Una via d’uscita ce l’ha: l’intervista chiesta dal Sole 24Ore, formalmente su Atac, in cui Mazzillo potrà fare ammenda. Stamattina i vertici del Movimento la leggeranno con attenzione. Se saranno soddisfatti, potrà cavarsela con un’ammonizione. Altrimenti il destino è segnato.

Il cappio stretto sul collo di Mazzillo

Nel colloquio con Manuela Perrone pubblicato oggi sul quotidiano di Confindustria però Mazzillo reitera le critiche nei confronti di Colomban per averlo tenuto all’oscuro della nomina di Rota:
Mazzillo sostiene di essere stato «tenuto all’oscuro» delle vicende della partecipata, dove è caccia al successore di Rota (in settimana arriverà il nome, trapela dal Campidoglio). Una critica neanche tanto velata all’assessore alle Partecipate Massimo Colomban, l’imprenditore veneto vicinissimo a Davide Casaleggio, che Mazzillo non cita mai ma con cui la collaborazione non c’è stata. Dopo l’addio di Rota e le sue dichiarazioni al vetriolo, però, il re è nudo: «Non posso più sottovalutare, per la città e per i romani, il fatto che Atac non abbia un piano industriale».

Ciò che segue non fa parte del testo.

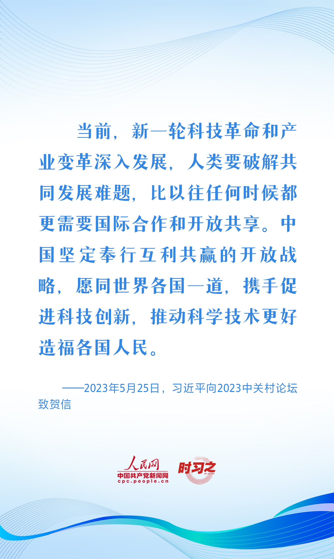 2023年5月25日,国家主席习近平向2023中关村论坛致贺信。习近平在贺信中指出,当前,新一轮科技革命和产业变革深入发展,人类要破解共同发展难题,比以往任何时候都更需要国际合作和开放共享。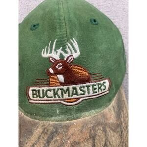 Vintage Buckmasters hunting cap featuring embroidered buck logo on the front. Classic green crown with camouflage print bill. Adjustable back closure.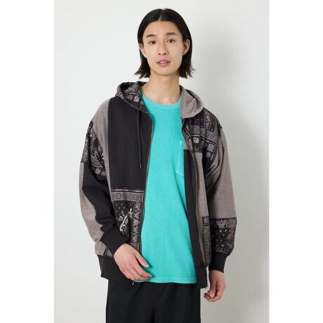 ■ポイント無地とバンダナ柄、素材の表と裏を絶妙に掛け合わせたデザインのジップパーカーです。■ディテールミニ裏毛素材を繋ぎあわせたリメイク感満載のパーカーです。掠れた様なプリント表現もヴィンテージ感のある雰囲気に仕上がっています。■スタイリングデニムパンツやジョガーパンツ、イージーパンツやトラックパンツなど様々なボトムと相性抜群。■生地※ONE&ONLYタグ付きインディゴ染めに部分脱色加工を施し、ヴィンテージライクな風合いに仕上げています。■透け感:なし■裏 地:なし■伸縮性:ややあり■光沢感:なし※お取り扱い上のご注意プリント箇所は着用・洗濯によリ白化、剥離する場合があります。インディゴ染め製品のため、湿った状態で他の衣類と重ねて放置すると色移りの原因となりますのでご注意ください。また、濃色と淡色の組み合わせでの着用はなるべくお控えください。[注意事項]※画像の商品はサンプルです。実際の商品と仕様、加工が若干異なる場合があります。※画像の商品は光の照射や角度、お使いのモニター環境により、実物と色味が異なる場合がございます。※着用、お取り扱いの際は、アテンションタグをご確認ください。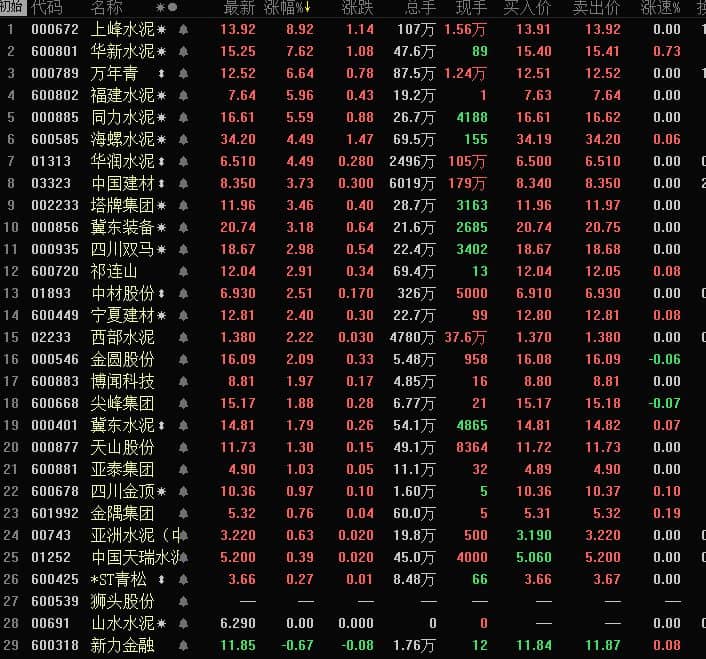 【水泥人網(wǎng)】水泥漲價(jià)信息輪番來襲,河北、陜西、遼寧、四川、重慶新疆等地大幅調(diào)漲,水泥板塊午后強(qiáng)勢拉升,龍頭萬年青漲超7%,海螺水泥、上峰水泥、華新水泥、同力水泥等紛紛跟漲。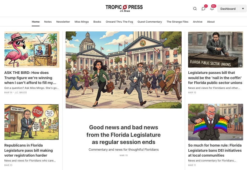It’s easy to feel overwhelmed if you are a rational person living in the Free State of Florida, but there are plenty of smart, reasonable people just like you here. The purpose of this newsletter and the Tropic Press website is to provide a source of news and commentary that shines a light through this irrational fog.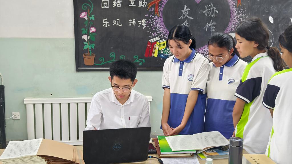 同樣來自山東的小伙兒蓋彥吉對(duì)支教事業(yè)抱有激情。2024年夏天,從中國農(nóng)業(yè)大學(xué)本科畢業(yè)后,他參加了學(xué)校的西部計(jì)劃研究生支教團(tuán),來到莎車縣第三中學(xué)任教。在教學(xué)工作中,蓋彥吉發(fā)現(xiàn),青年教師的天然親和力,能更好激發(fā)學(xué)生的求知欲。

Per Mazzillo, «alla partecipata dei trasporti serve un serio piano di ristrutturazione e di rilancio, cui sono pronto a contribuire, e un management responsabile, che non si dimetta dopo pochi mesi, e che riconosca al comune il suo ruolo: non un semplice spettatore, di cui ci si ricorda quando ci sono debiti e contenziosi da pagare, ma un partner. Per questo occorre condivisione, a livello tecnico e politico: lasciamo ai cittadini, rappresentati dagli eletti di maggioranza e opposizione in assemblea capitolina, la facoltà di scegliere come i servizi devono essere erogati».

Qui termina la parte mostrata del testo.